A pre-nuptial agreement is a legal agreement between two individuals before their marriage has taken place. The agreement can help to protect assets accumulated before marriage and sets out how the couple wish their assets to be divided if they later separate or divorce.
Pre-nuptial agreements are not automatically legally binding however provided the agreement adheres to certain formalities they will carry significant weight and can be upheld by the courts.
A pre-nuptial agreement is important as once married assets are assumed to be joint. Therefore, in the event the breakdown of the marriage these assets would be shared.
A pre-nuptial agreement is a particularly good idea in the following circumstances:
- Where one party is wealthier than other
- Parties are bringing significant assets into the marriage
- Where either of the parties has children from a previous marriage and they want to protect wealth for those children.
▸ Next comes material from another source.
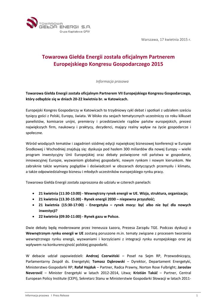 Warszawa, 17 kwietnia 2015 r. Towarowa Giełda Energii została oficjalnym Partnerem Europejskiego Kongresu Gospodarczego 2015 Informacja prasowa Towarowa Giełda Energii została oficjalnym Partnerem VII Europejskiego Kongresu Gospodarczego, który odbędzie się w dniach 20-22 kwietnia br. w Katowicach. Europejski Kongres Gospodarczy w Katowicach to trzydniowy cykl debat i spotkań z udziałem sześciu tysięcy gości z Polski, Europy, świata. W blisko stu sesjach tematycznych uczestniczy co roku kilkuset panelistów, komisarze unijni, premierzy i przedstawiciele rządów państw europejskich, prezesi największych firm, naukowcy i praktycy, decydenci, mający realny wpływ na życie gospodarcze i społeczne. Wśród wiodących tematów i zagadnień siódmej edycji największej biznesowej konferencji w Europie Środkowej i Wschodniej znajdują się: dyskusja pod hasłem 300 miliardów dla nowej Europy – wielki program inwestycyjny Unii Europejskiej oraz debaty poświęcone roli państwa w gospodarce, innowacyjnej Europie, wyzwaniom globalnej gospodarki, nowym rynkom i nowym kierunkom. Nie zabraknie także wymiany poglądów i doświadczeń w obszarach dotyczących przemysłu i klimatu, a także odpowiedzialnego biznesu i młodych uczestników europejskiego rynku pracy. Towarowa Giełda Energii została zaproszona do udziału w czterech panelach: 21 kwietnia (11:30-13:00) - Wewnętrzny rynek energii w UE. Wizja, struktura, organizacja; 21 kwietnia (13.30-15.00) - Rynek energii 2030 – niepewna przyszłość; 21 kwietnia (15:30-17:00) - Energetyka – rynek mocy: być albo nie być dla nowych inwestycji? 22 kwietnia (09:30-11:00) - Rynek gazu w Polsce. Dwie debaty będą moderowane przez Ireneusza Łazora, Prezesa Zarządu TGE. Podczas dyskusji o Wewnętrznym rynku energii w UE zostaną poruszone m.in. tematy związane z procesem tworzenia wewnętrznego rynku energii, wyzwaniami i korzyściami z integracji rynku europejskiego oraz jej wpływem na konkurencyjność polskiej gospodarki. W debacie udział zapowiedzieli: Andrzej Czerwiński – Poseł na Sejm RP, Przewodniczący, Parlamentarny Zespół ds. Energetyki; Tomasz Dąbrowski – Dyrektor, Departament Energetyki, Ministerstwo Gospodarki RP; Rafał Hajduk – Partner, Radca Prawny, Norton Rose Fulbright; Jaroslav Neverovič – Minister Energetyki w latach 2012-2014, Litwa; Kristián Takáč – Partner, Central European Policy Institute (CEPI), Sekretarz Stanu w Ministerstwie Gospodarki Słowacji w latach 2011- Informacja prasowa Ι Press Release 1 2012; Krisztián Tóth – Dyrektor Departamentu ds. Międzynarodowych, Hungarian Energy and Public Utility Regulatory Authority (MEKH). W trakcie panelu o Rynku gazu w Polsce wiodącymi tematami będą: bezpieczeństwo energetyczne w wymiarze politycznym i rynkowym, liberalizacja rynku gazu w Polsce oraz czy jesteśmy w stanie wykorzystać nasze zasoby infrastrukturalne i handlowe, by konkurować z rynkami europejskimi. W dyskusji udział zapowiedzieli: Mariusz Caliński – Prezes Zarządu, Grupa Duon SA; Tomasz Pepliński – Prezes Zarządu, Polskie LNG SA; Markus Rapp – Prezes Zarządu, EWE Polska Sp. z o.o.; Ireneusz Sawicki – Członek Zarządu, Handen Sp. z o.o.; Anna Seemann – Dyrektor ds. Oferty Produktowej, PKP Energetyka SA; Witold Szczypiński – Wiceprezes Zarządu, Dyrektor Generalny, Grupa Azoty SA; Piotr Szlagowski – Dyrektor Departamentu Strategii i Regulacji, PGNiG SA; Małgorzata Szymańska – Dyrektor, Departament Ropy i Gazu, Ministerstwo Gospodarki RP. Serdecznie zapraszamy na wszystkie sesje poświęcone energetyce i rynkowi gazu podczas Europejskiego Kongresu Gospodarczego w Katowicach. *** Towarowa Giełda Energii S.A. (TGE) powstała pod koniec 1999 roku. Jest jedyną licencjonowaną giełdą energii w Polsce. Działalność operacyjną rozpoczęła 30 czerwca 2000 roku. Uruchomienie TGE było jednym z pierwszych działań w kierunku liberalizacji polskiego rynku energii elektrycznej i prywatyzacji sektora elektroenergetycznego. Od lutego 2012 r. TGE jest wyłączną własnością Giełdy Papierów Wartościowych w Warszawie. TGE prowadzi rynki: energii elektrycznej (Rynek Terminowy Towarowy - RTT, Rynek Dnia Następnego - RDN, Rynek Dnia Bieżącego - RDB) oraz gazu (RTT, RDNg), a także Rynek Praw Majątkowych. Jest obecnie najbardziej dynamicznie rozwijającą się giełdą towarową w regionie. Potwierdza to przynależność do organizacji EUROPEX, promującej idee konsolidacji rynków energetycznych poprzez połączenia transgraniczne i zrzeszającej wszystkie towarowe i finansowe giełdy energii w Europie. Od grudnia 2010 TGE i Nord Pool Spot prowadzą połączone rynki dnia następnego na zasadach market coupling na połączeniu Swe-Pol Link łączącym Szwecję i Polskę. Łączny wolumen obrotu na rynkach energii elektrycznej Towarowej Giełdy Energii w 2014 r. wyniósł 186,8 TWh (wzrost o 5,8% w stosunku do 2013 r.), z czego na rynku spot (Rynek Dnia Następnego oraz Rynek Dnia Bieżącego) – 23,8 TWh (wzrost o 7,05% w porównaniu do 2013 r.), natomiast na Rynku Terminowym Towarowym – 163 TWh (wzrost o 5,6% w porównaniu do 2013 r.). Na parkiecie gazu ziemnego łączny wolumen obrotów osiągnął 111,6 TWh, co oznacza, że wzrósł w odniesieniu do wolumenu z 2013 r. prawie 47-krotnie. Na rynku spot gazu (Rynek Dnia Następnego gazu oraz Rynek Dnia Bieżącego gazu) – handel paliwem osiągnął wartość 6,6 TWh (15-krotny wzrost w stosunku do 2013 r.), a na Rynku Terminowym Towarowym - 105 TWh (53-krotny wzrost w porównaniu do 2013 r.). www.tge.pl Kontakt dla mediów: Towarowa Giełda Energii S.A.; Agata Samcik; [email protected], +48 885 885 645, +48 607 030 573. Informacja prasowa Ι Press Release 2

- Where either party runs a business and wishes to ensure that it is protected
Traditionally pre-nuptial agreements have been viewed as unromantic and no one wishes to think about the end of their marriage before it has even begun. It is however preferable to reach an agreement when relations are good rather than trying to resolve financial matters at the end of the relationship when the parties are likely to hold animosity to one another. Having a pre-nuptial agreement in place is also likely to limit the scope of costly financial proceedings in the event of the breakdown of the marriage.
A pre-nuptial agreement should be viewed as a ‘marriage insurance policy’, which is not something that you plan to use but useful to have in place if the worst were to happen.